Equation (4) indicates that the earthquake input energy to a damped linear elastic SDOF system does not depend on the phase property of input motions and this fact is well known (Page, 1952; Lyon, 1975; Kuwamura et al., 1994; Ordaz et al., 2003; Takewaki, 2004a,b, 2005a,b; Takewaki and Fujita, 2009; Kojima et al., 2015). It can also be understood from Eq. (4) that the function F(ω) defined in Eq. (6) plays an important role in the evaluation of the earthquake input energy and may have some influence on the investigation of constancy property of the earthquake input energy for structures with various model parameters (natural period and damping ratio). The functions F(ω) for various natural periods T = 0.5, 1.0, 2.0 s and damping ratios h = 0.05, 0.20 are plotted in Figure 2. It is noteworthy that the area of F(ω) can be proved to be constant regardless of Ω and h. This fact for any damping ratio has already been pointed out by Ordaz et al. (2003). Its proof has been presented by Takewaki (2004a) and the property is shown in the following section.

FIGURE 2

Figure 2. Energy transfer functions for various natural periods and damping ratios of structures.

Property of Energy Transfer Function

Consider the earthquake input energy to the SDOF model subjected to single impulse ${\ddot{u}}_{\text{g}}\left(t\right)=V\mathrm{\delta }\left(t\right)$ with $\left|{\mathit{Ü}}_{\text{g}}\left(\omega \right)\right|$ = V, where δ(t) is the Dirac delta function. From Eq. (4), this earthquake input energy in a normalized form can be evaluated by

$E_{\text{I}}∕\left(m{V}^2\right)={\int }_0^{\infty }F\left(\omega \right)d\omega =\frac{1}{2}$ (7)

Equation (7) can be proved by taking into account that single impulse ${\ddot{u}}_{\text{g}}\left(t\right)=V\mathrm{\delta }\left(t\right)$ with $\left|{\mathit{Ü}}_{\text{g}}\left(\omega \right)\right|$ = V is equivalent to the impulsive loading with the initial velocity of V in time domain (Takewaki, 2004a). Another proof may be possible with the help of the residue theorem (Ordaz et al., 2003; Takewaki, 2004a). This property of Eq. (7) will be used effectively in deriving the upper bounds of input energy subjected to double impulse in the Section “Bounds of Earthquake Input Energy to SDOF System Subjected to Double Impulse.”

Double Impulse Input

Consider a ground motion acceleration ${\ddot{u}}_{\text{g}}\left(t\right)$ as double impulse, as shown in Figure 3A, expressed by

${\ddot{u}}_g\left(t\right)=V\mathrm{\delta }\left(t\right)-V\mathrm{\delta }\left(t-t_0\right)$ (8)

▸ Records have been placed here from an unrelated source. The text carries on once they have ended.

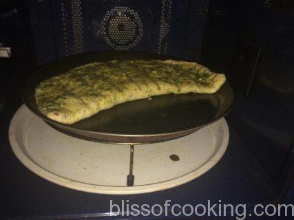 • Transfer to the baking tray, mark into strips with the help of a pizza cutter taking care not to slit deep down otherwise the cheese will ooze out while baking.
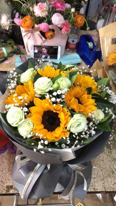 夜上海论坛6朵向日葵加桔梗混搭花束 款式包装如图 |
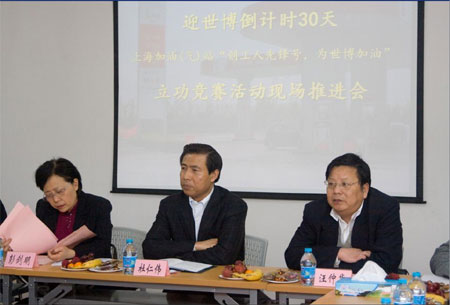 在迎世博倒计时30天来临之际,3月31日下午,上海市经济和信息化系统工会在中石化上海石油分公司广虹加油(气)站,召开了上海加油(气)站“创工人先锋号、为世博加油”立功竞赛活动现场推进会。会议由上海市经信工作党委副巡视员、系统工会主席汪仲华主持,上海市总工会副主席杜仁伟、经济部部长彭剑明出席会议,参赛单位的领导以及部分加油(气)站站长共二十余人参加会议。
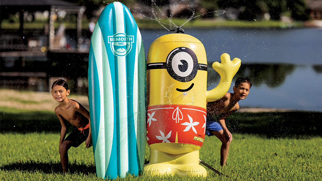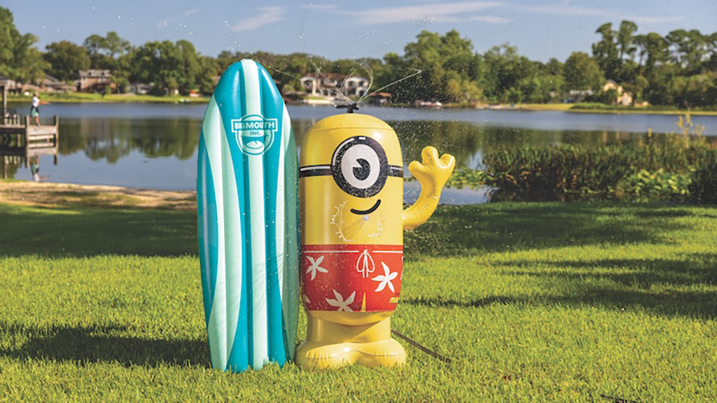 Conectează acest stropitor inspirat de Minion la un furtun de grădină standard pentru a obține un jet de apă rotativ de 360 de grade și două alte puncte de pulverizare. Minionul de 4,5 picioare înălțime este ușor și ușor de transportat.
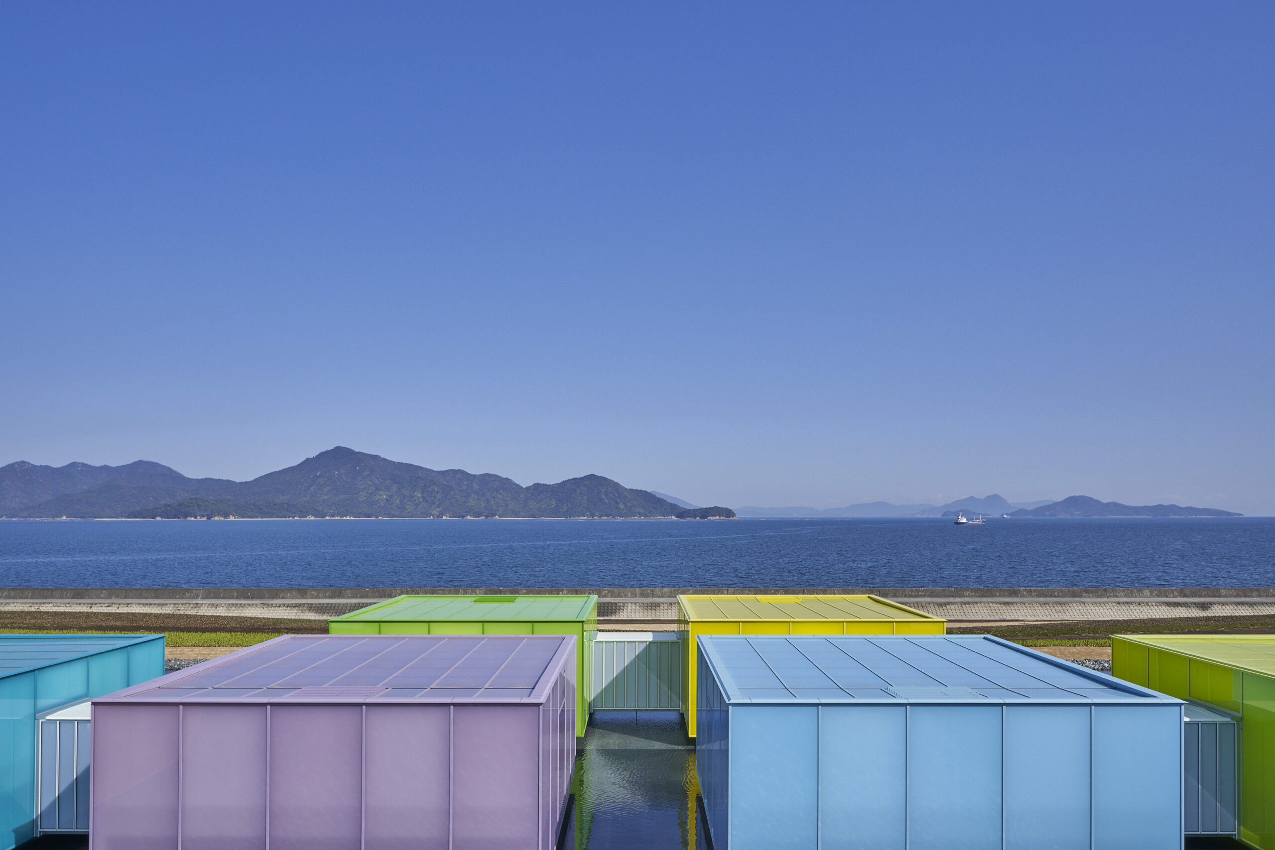 水盤に並ぶカラフルなキューブ状の展示室は外観も鮮やか。他にも瀬戸内海を望む展望テラス「望洋テラス」、季節の花が咲く「エミール・ガレの庭」も。アート作品だけでなく建物やお庭を堪能することが出来る美術館です。
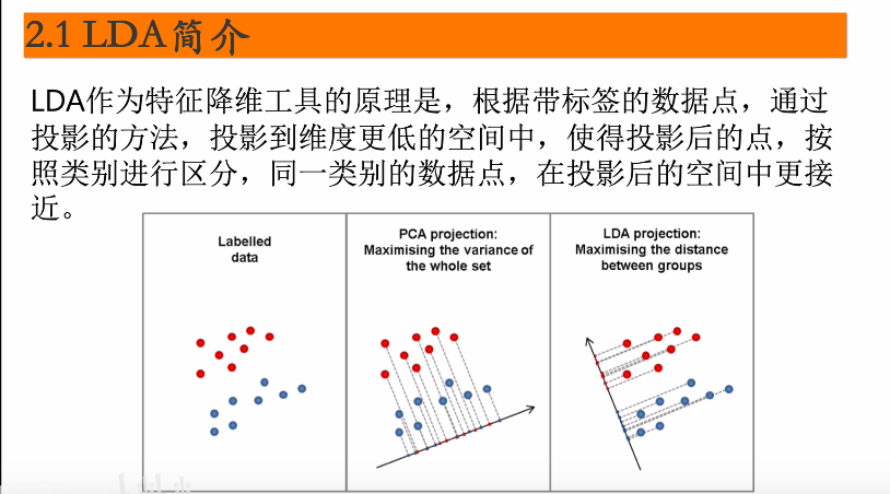 和 PCA 不考虑样本类别输出的无监督降维技术不同,LDA 是一种监督学习的降维技术, 数据集的每个样本有类别输出。
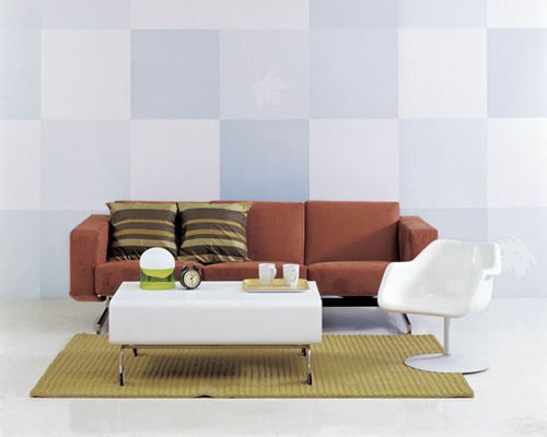 一個三人沙發(fā)加茶幾的擺放方式太規(guī)整,于是就靈活加入兩個散件來制造變化。三人沙發(fā)和茶幾的造型設(shè)計都很時尚,這里加入的散件是一個風(fēng)格類型接近的坐椅。坐椅不大,可以方便地在沙發(fā)周圍搬動,打破固定的客廳感覺。散件通??梢砸暽嘲l(fā)造型選擇坐墊、腳凳、扶手椅等簡單家具,不適合加入塊頭大的家具,否則小客廳就很擁堵了。
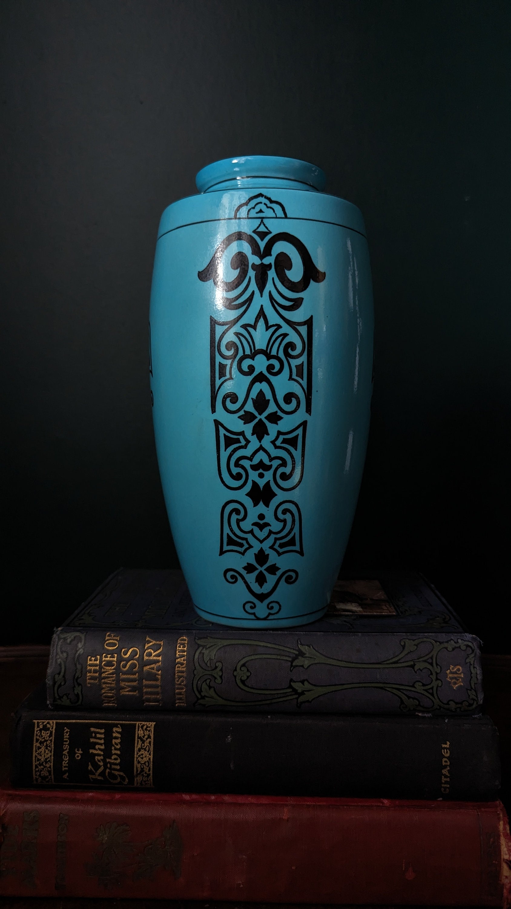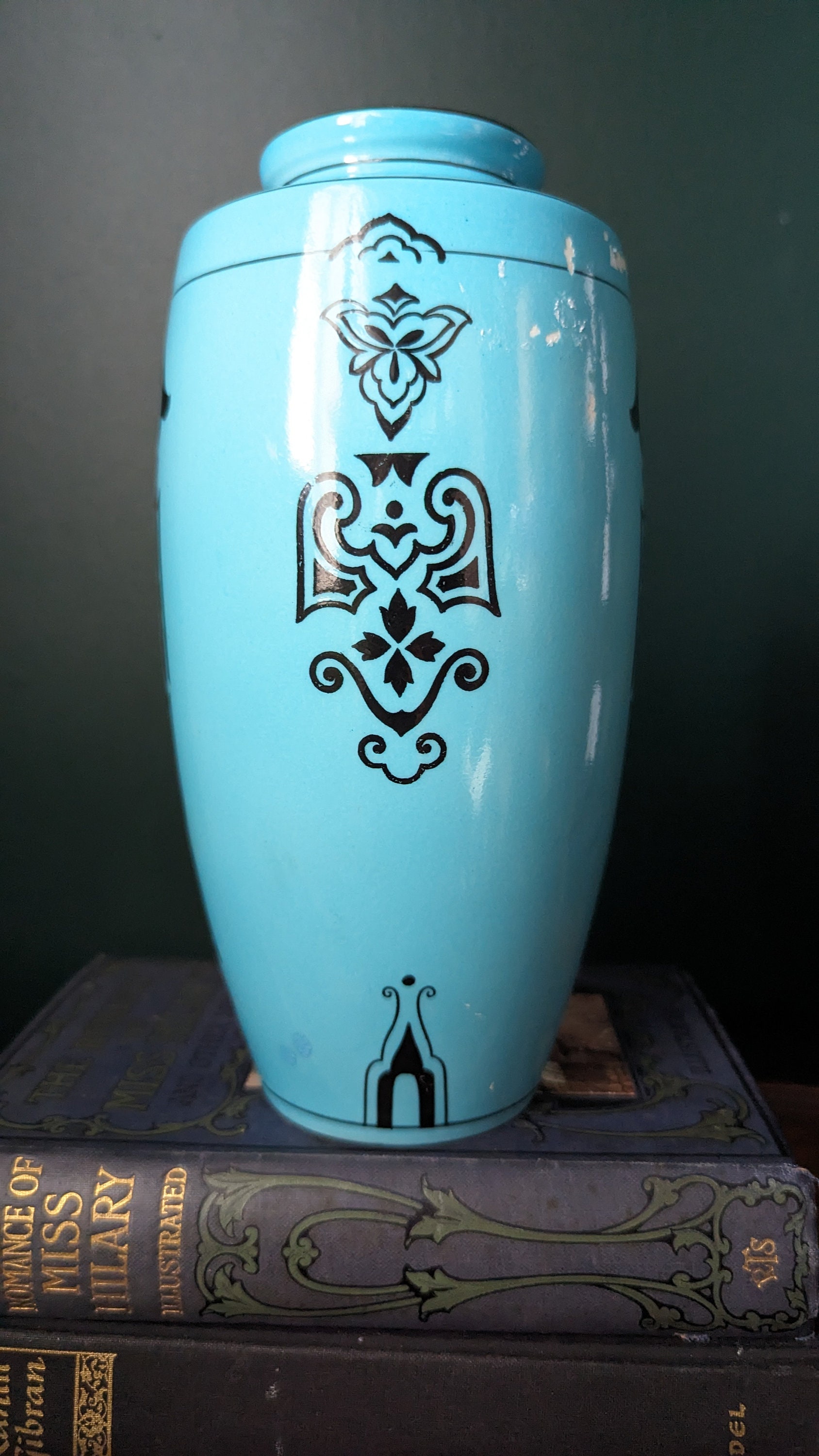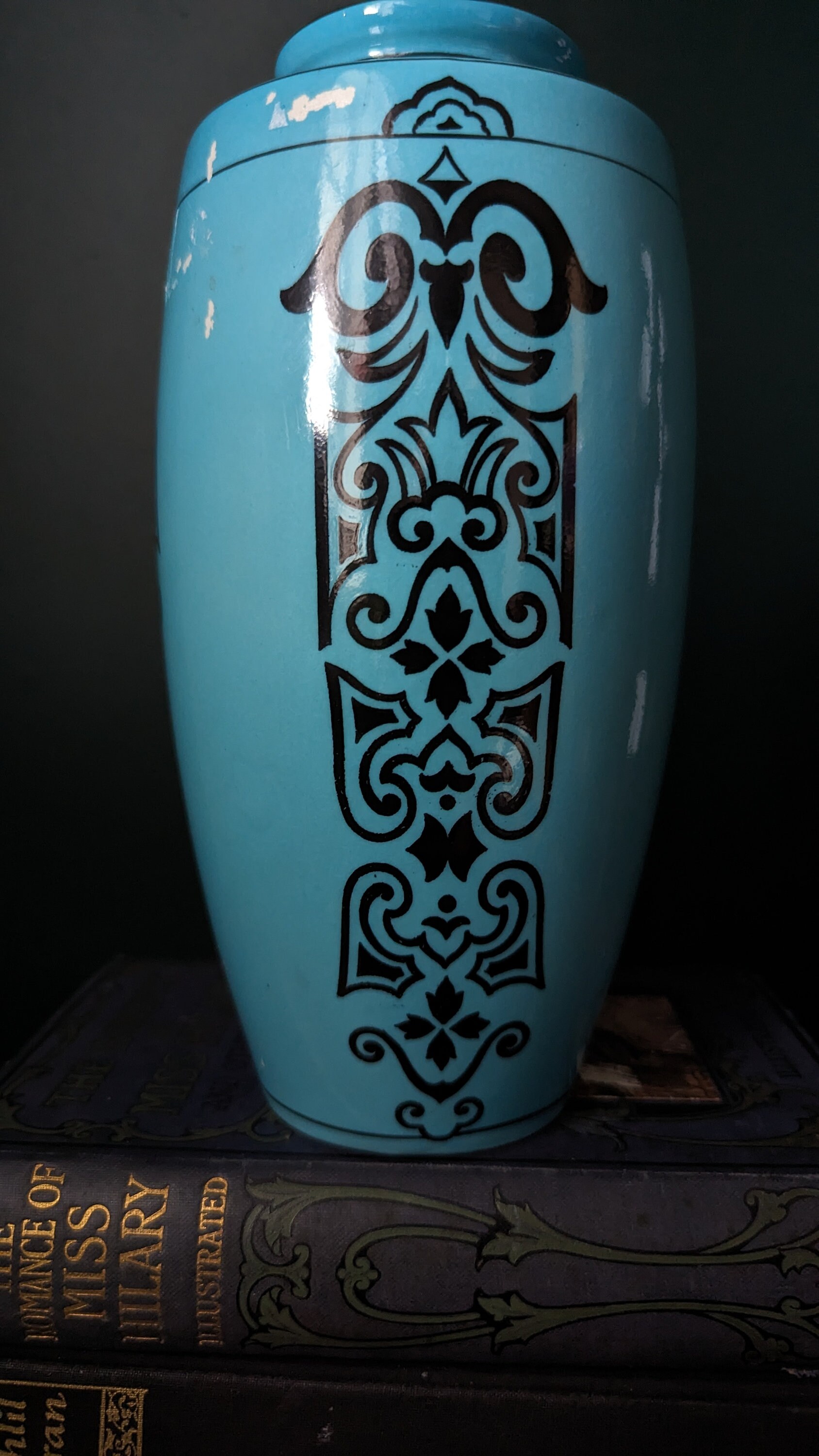 Vintage Blue Art Deco Falcon Ware J.M.H and Son Vase Origin: England

where V is the given initial velocity and t₀ = π/ω₀ (ω₀: interval circular frequency) is the time interval between two impulses. The comparison with the corresponding one-cycle sinusoidal wave is also plotted in Figure 3A. The application of the double impulse and one-cycle sinusoidal wave to an actual recorded ground motion (NS-component at Kobe University during 1995 Hyogoken-Nanbu earthquake) is shown in Figure 3B. It can be observed that a one-cycle sinusoidal wave of a predominant period 1.2 s can be a good substitute of a part of this recorded ground motion. The corresponding velocity and displacement of such double impulse are plotted in Figure 4. The Fourier transform of ${\ddot{u}}_{\text{g}}\left(t\right)$ can be derived as

$\begin{array}{ccc}\hfill {\mathit{Ü}}_{\text{g}}\left(\omega \right)& ={\int }_{-\infty }^{\infty }\left\{V\mathrm{\delta }\left(t\right)-V\mathrm{\delta }\left(t-t_0\right)\right\}{e}^{-\text{i}\omega \text{t}}\mathit{dt}\hfill & \hfill \\ \hfill & ={\int }_{-\infty }^{\infty }\left\{V\mathrm{\delta }\left(t\right)e^{-\text{i}\omega \text{t}}-V\mathrm{\delta }\left(t-t_0\right)e^{-\text{i}\omega {\text{t}}_{\text{0}}}{e}^{-\text{i}\omega \left(\text{t}-{\text{t}}_{\text{0}}\right)}\right\}\mathit{dt}\hfill \\ \hfill & =V\left(1-e^{-\text{i}\omega {\text{t}}_{\text{0}}}\right)\hfill \\ \hfill \end{array}$ (9)

FIGURE 3

Figure 3. Earthquake ground motion acceleration as double impulse: (A) comparison with the corresponding one-cycle sinusoidal wave, (B) application to actual recorded ground motion.

FIGURE 4

Figure 4. Velocity and displacement of double impulse: (A) velocity, (B) displacement.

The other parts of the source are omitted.